A thorough APQR also deepens the organisation's collective understanding of its products and processes. That deeper understanding empowers teams to make better decisions, maintain regulatory commitments more reliably, and engage more effectively with regulators during submissions and inspections. 

Over time, a strong APQR programme reduces the risk of product recalls, protects the manufacturer's reputation, and strengthens the trust that regulators, partners, and patients place in the company's quality culture. 

It also improves communication across functions — bringing regulatory affairs, quality assurance, engineering, and production into regular, structured dialogue about the health of the products they collectively bring to market.

A Strong APQR Programme Needs The Right Quality Infrastructure Behind It 

Here Is How To Migrate To An eQMS Without Disrupting Your Operations 

→ eQMS Migration Guide For Pharma

In Conclusion

The Annual Product Quality Review is far more than a box-ticking exercise. When approached with genuine rigour and cross-functional commitment, it is a yearly opportunity to step back from the day-to-day flow of manufacturing events and take a clear, evidence-based look at how a product and its processes are truly performing. 

It is the mechanism through which historical quality data is transformed into forward-looking knowledge, that guides process improvements, informs revalidation decisions, shapes change control priorities, and ultimately reduces the risk that a quality problem will reach a patient.

Building a compliant APQR requires a structured approach: gathering comprehensive and accurate data from all relevant sources, analysing that data with a genuine focus on trends and risk rather than simple pass-or-fail assessments, compiling the findings into a clearly structured report that tells the product's quality story for the year, and reviewing that report cross-functionally to validate its conclusions and align on the actions that follow. 

Done consistently and done well, the APQR is not an administrative burden, it is one of the most important investments a pharmaceutical manufacturer makes in the sustained quality and safety of its products.

FAQs

FAQ 1: What Is An Annual Product Quality Review (APQR) In Pharmaceuticals?

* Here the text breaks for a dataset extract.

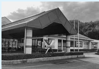
▲継続使用が決定した日高健康福祉センター(上)と出石健康福祉センター(下)

An Annual Product Quality Review (APQR) is a structured, yearly assessment of a pharmaceutical product’s manufacturing, quality, and compliance performance. It evaluates trends in batch results, deviations, complaints, stability, and other quality-related data to ensure consistent product quality, identify potential risks, and guide process improvements. APQR is a regulatory requirement for all commercialized products and transforms historical data into actionable knowledge, helping companies strengthen processes and reduce patient risk.

FAQ 2: Who Is Responsible For Preparing And Approving The APQR?

Quality Assurance (QA) owns the APQR process and is responsible for its final approval. However, preparing an APQR is a collaborative effort that involves multiple departments. Quality Control provides analytical testing and stability data, Manufacturing shares batch records and production performance information, Engineering and Validation report on equipment and process qualifications, and Regulatory Affairs provides updates on the regulatory status of the product across markets. The final APQR report must be reviewed and approved by senior QA personnel to ensure it is accurate, complete, and compliant with applicable regulations.

FAQ 3: When And How Should An APQR Be Completed?

The APQR must be completed annually for each commercialized product. Companies usually follow either a calendar year approach, covering January through December, or a rolling twelve-month cycle for products launched mid-year or produced in low volumes. Completing an APQR involves four key steps: gathering all relevant information from batch records, deviations, complaints, stability studies, and regulatory data; analysing this data to identify trends, risks, and potential process improvements; compiling a structured report with findings, trends, conclusions, and recommendations; and reviewing and approving the report through a cross-functional process before submission. When done correctly, the APQR not only ensures regulatory compliance but also supports continuous improvement and risk management.